# Online Autocad Course



## Pagaresav (Sep 23, 2019)

What is AutoCAD certification? How do you pass the exam?


----------



## FishTEX (May 15, 2013)

all depends on who is giving the exam.


going through a college means you will need to be proficient in a certain number of classes which adds up to "hours" with enough hours you will gain a certificate. 


if it's an online course, all depends what that course goes into detail about. 


autocad is massive so it's up to you how far down the rabbit hole you want to go. for most applications of autocad, you will not need to know everything about the program. learn what you need to do the task at hand, if you find interest in it. its a fun never ending learning curve. 


good luck.


----------



## jeffbx62 (Aug 19, 2019)

Pagaresav said:


> What is AutoCAD certification? How do you pass the exam?


No Such thing. Either you can operate the software, or you can't.

If you are in the Houston Area, go to the HORN Academy. They have 2 week intensive training course that will give you a good foundation.

Drawing Circles and Squares is all you will learn in a college AutoCAD class.
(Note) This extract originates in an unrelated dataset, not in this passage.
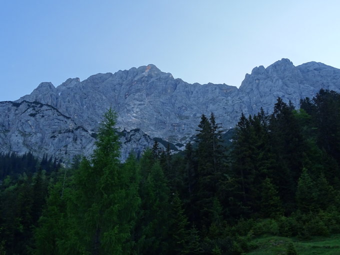 Abstieg Richtung Traunsteiner Hütte und zur Mayerbergscharte hat noch viele aber unkritische Schneefelder;

If you want some .DWG files to practice on, PM me...That's if you have ACAD software.


----------



## 348473 (Apr 12, 2017)

Don't you need the engineering background or do you have it already? If you did then you wouldn't be asking about AutoCad because you would have already been using AutoDesk suites, CATIA, SolidWorks etc???


----------



## jeffbx62 (Aug 19, 2019)

hurricane matt said:


> Don't you need the engineering background or do you have it already? If you did then you wouldn't be asking about AutoCad because you would have already been using AutoDesk suites, CATIA, SolidWorks etc???


I hire CAD Monkeys all the time. They don't have a clue about Engineering, but can draw whatever is sketched for them.

An Engineering background doesn't hurt at all. Actually gets you to the front of the line.


----------



## fishinguy (Aug 5, 2004)

I did a certification at University of Houston for MicroStation. 

I think the price was pretty reasonable as well. It was only a couple of weeks so it was not the full course. They had all the software and the stations setup so you didn't have to buy your own software. I would recommend something like this if you are interested in it.


----------